Reputation: 11
I have the follwing code. The doc.body.text() statement doesn't output the text within the style and the script tags. I read the .text() function code , and it looks for all instances of TextNode. What is a TextNode in Jsoup.
And why is the script text not included in the .text() output.

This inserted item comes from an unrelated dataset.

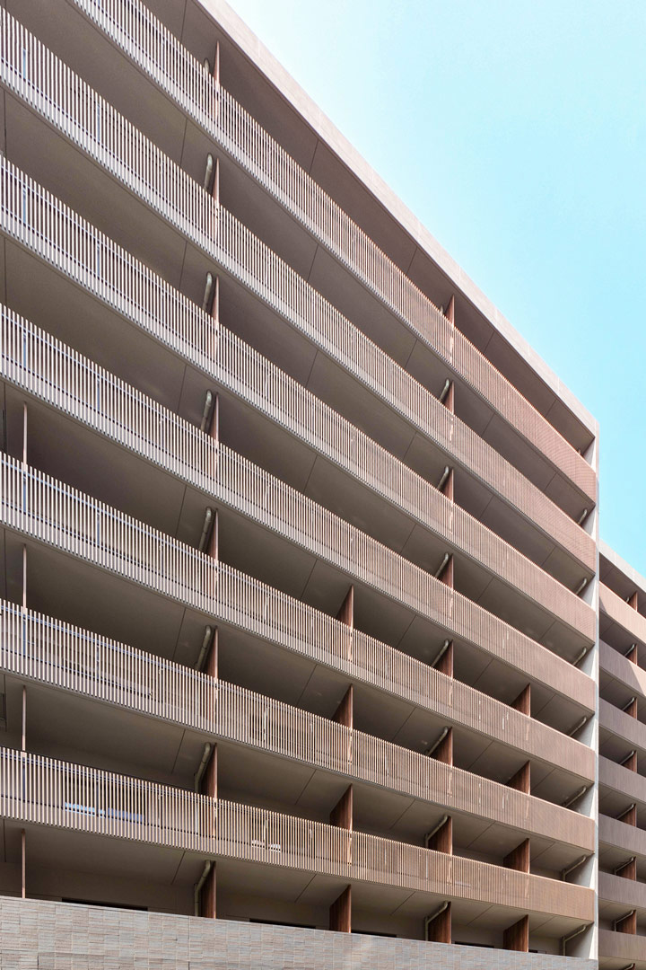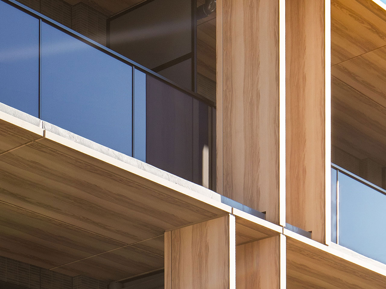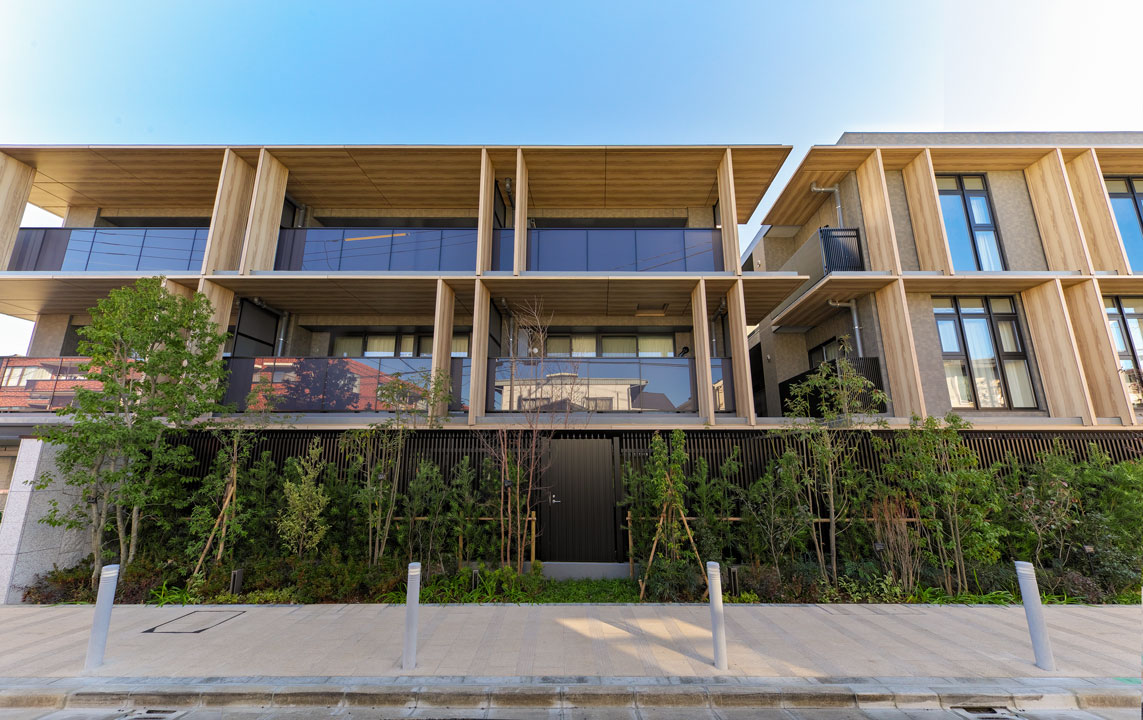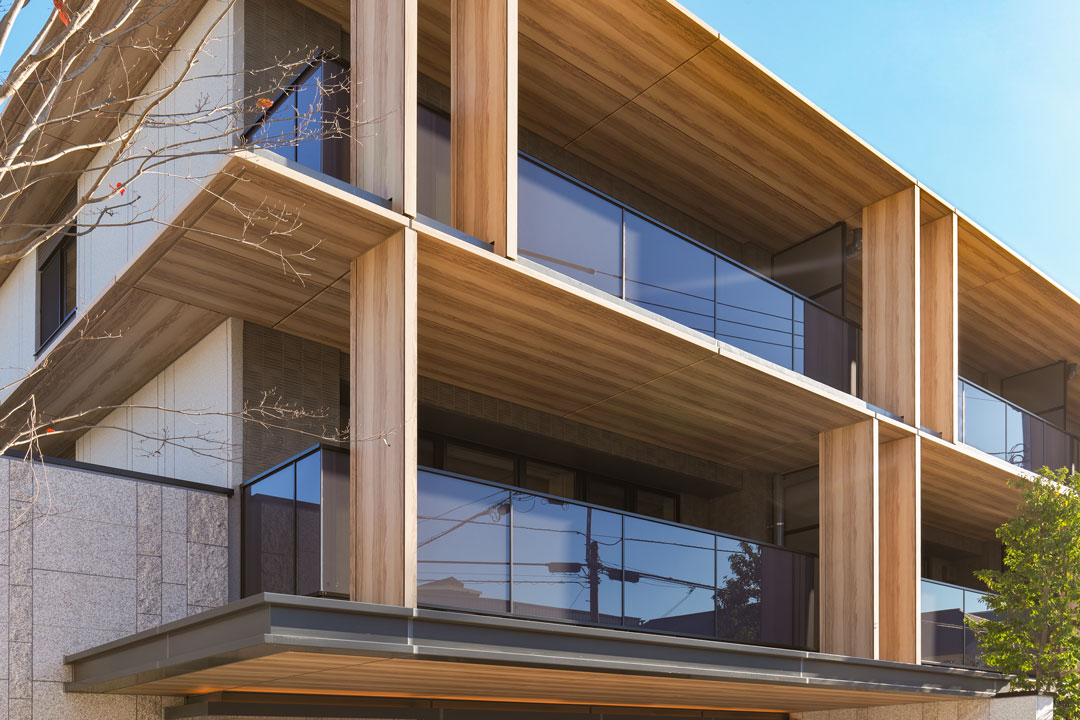 グランリビオ浜田山では、バルコニーのマリオンと軒天にアートテックが使用されています。木目柄にデザインされたアートテックを用いることで、周囲の自然と調和した上質な空間を演出しています。

String contex = "<html><body><style>style</style><div>div</div><script>script</script><p>paragraph</p>body</body></html>";
Document doc = Jsoup.parse(contex, "UTF-8");
String text = doc.body().text();
System.out.println("Test text : " + text);
Output : paragraphbody
Upvotes: 1
Views: 1108
Reputation: 68393
And why is the script text not included in the .text() output.
Because script
and style
has data, not the text.
To get data from script
's data, use getElementsByTag
Elements scriptElements = doc.getElementsByTag("script");
and access by getWholeData
for (Element element :scriptElements ){
for (DataNode node : element.dataNodes()) {
System.out.println(node.getWholeData());
}
System.out.println("-------------------");
}
As per source code, for style
or script
tag is treated as dataNode instead of textNode
void insert(Token.Character characterToken) { Node node; // characters in script and style go in as datanodes, not text nodes final String tagName = currentElement().tagName(); final String data = characterToken.getData(); if (characterToken.isCData()) node = new CDataNode(data); else if (tagName.equals("script") || tagName.equals("style")) node = new DataNode(data); else node = new TextNode(data); currentElement().appendChild(node); // doesn't use insertNode, because we don't foster these; and will always have a stack. }
Upvotes: 1
Reputation: 2751
For this you need to use org.jsoup.select.Elements
to parse the tags like <script>
.
String contex = "<html><body><style>style</style><div>div</div><script>scripts</script><p>paragraph</p><p>body</p><script>787878</script></body></html>";
Document doc =Jsoup.parse(contex, "UTF-8");
Elements scriptElements = doc.getElementsByTag("script");
for (Element el :scriptElements ){
for (DataNode dn : el.dataNodes()) {
System.out.println(dn.getWholeData());
}
}
OP:
scripts
787878
Upvotes: 1